LinkedIn Recruiter kostet in Deutschland schnell 8.000 Euro pro Lizenz und Jahr. Und beschränkt Sie auf ein einziges Netzwerk. Gleichzeitig sind in den letzten drei Jahren ein Dutzend KI-Sourcing-Plattformen entstanden, die versprechen, besser, breiter und günstiger zu sein. Ob das stimmt — und welche davon für Personalberatungen im DACH-Raum wirklich taugt — zeigt dieser Vergleich.
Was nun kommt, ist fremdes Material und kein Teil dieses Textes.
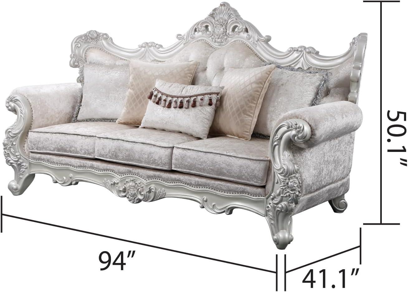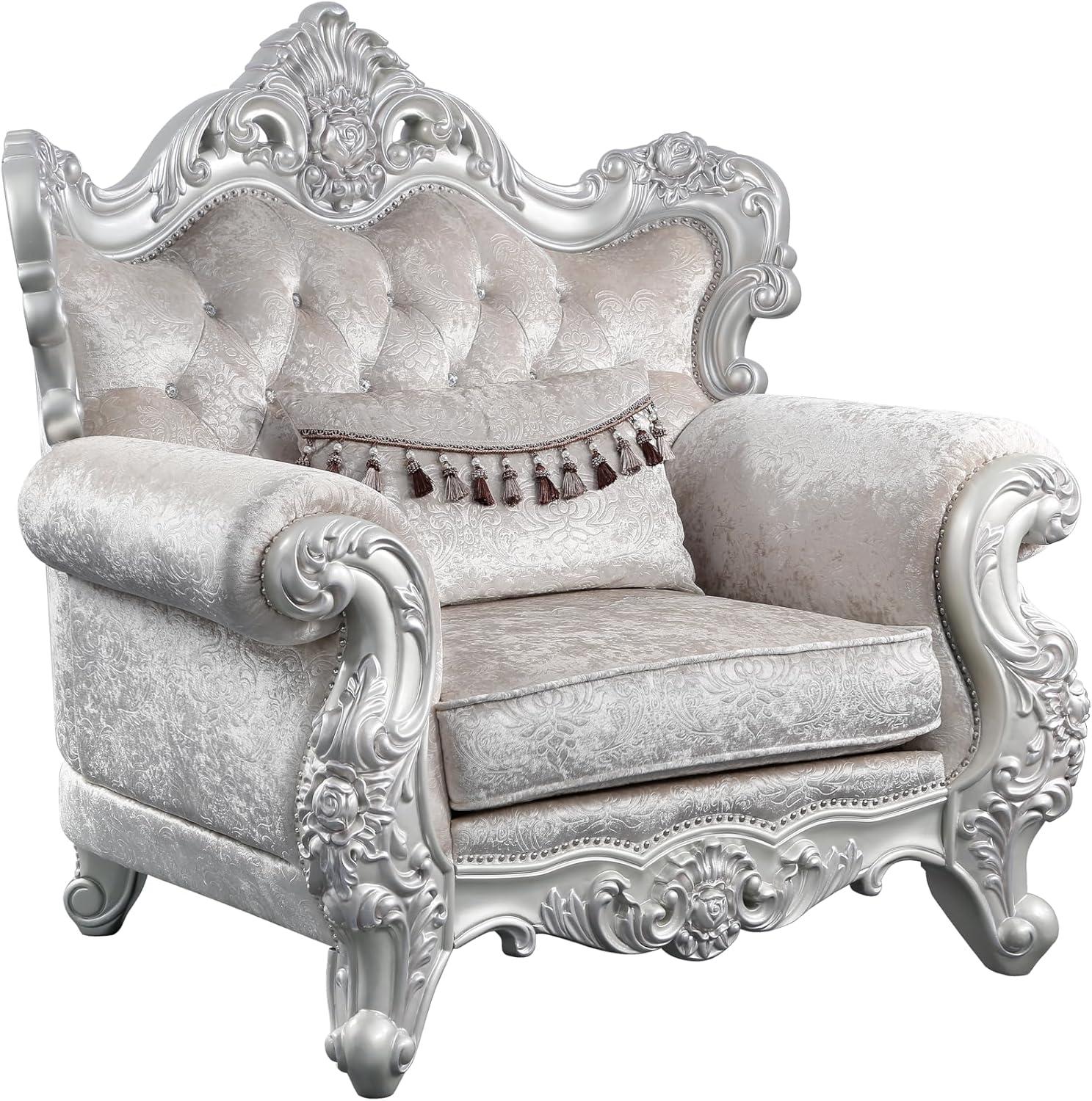 The champagne silver finish of this living room set introduces a sophisticated glow that seamlessly elevates the ambiance of any room. Its warm, muted tones paired with subtle silver brush accents add a refined touch without overpowering existing décor. This balance allows the furniture to complement both classic and contemporary interiors, creating a versatile backdrop that invites both relaxation and style.The finish’s gentle sheen reflects light just enough to bring a cozy vibrancy to living spaces, making every corner feel inviting and thoughtfully designed.

Eine Vorabwarnung: Es gibt keine perfekte Plattform. Jede hat Stärken, die für bestimmte Nutzungsprofile entscheidend sind, und Schwächen, die für andere K.O.-Kriterien darstellen. Wer Ihnen etwas anderes erzählt, verkauft etwas.
Die sechs Plattformen im Überblick
Für diesen Vergleich haben wir sechs Plattformen ausgewählt, die aktuell für DACH-Personalberater relevant sind: LinkedIn Recruiter als etablierter Standard, Juicebox und HeroHunt als US-geprägte KI-Newcomer, MetaView als Agent-fokussierter Spezialist, Wiggli als europäische Alternative, und Yena als integriertes DACH-natives System.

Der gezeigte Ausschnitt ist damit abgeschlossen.